Shia LaBeouf’s behavior has gone from precocious and unpredictable to downright bizarre in recent weeks.
After a string of commercials, TV and movie appearances, LaBeouf found fame at 14 as the star of Disney’s “Even Stevens.” The comedy ran from 2000 to 2003 and earned the young actor an Emmy for outstanding performer in a children’s series. As “Even Stevens” wrapped up, LaBeouf landed another breakout role, this time in film. He starred in 2003’s “Holes,” which was adapted from Louis Sachar’s novel. “Holes” wasn’t the only movie LaBeouf worked on that year. He also appeared in “Dumb and Dumberer: When Harry Met Lloyd,” “Charlie’s Angels: Full Throttle ” and “The Battle of Shaker Heights.” For the latter movie’s premiere in August 2003, the then 17-year-old actor brought his mom as his date.
As his fame grew, LaBeouf became part of the parade of kid stars who were becoming household names, like Amanda Bynes and Raven Symone. The trio appeared on MTV’s “Total Request Live” in 2005.
In 2007, Shia LaBeouf was hand-picked by Steven Spielberg — who eventually became a mentor for the up-and-coming actor — to star in the thriller “Disturbia.” The release helped establish LaBeouf as a major talent in Hollywood as the movie scored a surprise No. 1 at the box office. With one top movie already under his belt, LaBeouf went on to score another No. 1 blockbuster with 2007’s “Transformers.” He starred in the movie as Sam Witwicky, a character he reprised in two more films before deciding to quit the franchise.
In November 2007, LaBeouf earned that other Hollywood rite of passage: his very first mugshot. The then-21-year-old actor was arrested for trespassing in a Chicago drugstore. According to People magazine, a security guard at the store repeatedly asked LaBeouf to leave because he appeared intoxicated, and when the actor refused, the security guard called the cops. LaBeouf was described as Spielberg’s protege, so it wasn’t surprising to see the actor turn up in the famed filmmaker’s “Indiana Jones and the Kingdom of the Crystal Skull” in 2008. The only problem? The movie didn’t go over so well, and LaBeouf made waves bad-mouthing it two years later, saying that he and his colleagues had “dropped the ball.”
Despite earning a reputation as Hollywood’s newest troublemaker, LaBeouf was still as popular as ever in 2008. That year, he was at work on a second “Transformers” movie and was starring in another action film, “Eagle Eye.” In May, he was brought back to “Saturday Night Live” to host for a second time; that appearance was just two months before he was arrested at the scene of a car accident on suspicion of DUI.
The wreck left LaBeouf with a nasty hand injury. In 2010, LaBeouf tried to shake off some of his action star rep and bad boy behavior. He signed up for Oliver Stone’s “Wall Street: Money Never Sleeps,” started studying the stock market and dated his squeaky clean “Wall Street” co-star, Oscar nominee Carey Mulligan. “I cleared my life to make this movie,” he told GQ magazine that year. “My past life did not follow me to New York. I created a whole new existence.”

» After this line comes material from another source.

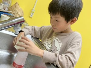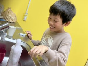 食べ終わったら実験あそびの準備。

LaBeouf’s transformation included saying goodbye to the “Transformers” series in 2011. The actor filmed the third installment, “Transformers: Dark of the Moon” — which replaced his former co-star Megan Fox with Rosie Huntington-Whiteley — and then announced he’d washed his hands of Michael Bay’s chain of blockbusters. “I don’t have anything new to contribute,” he said that year. Leaving summer popcorn films firmly in his past, LaBeouf focused on creating a career in indie filmmaking. In 2012, as he starred in “Lawless,” he said that “there’s no room for being a visionary in the studio system. It literally cannot exist. … I’m done.”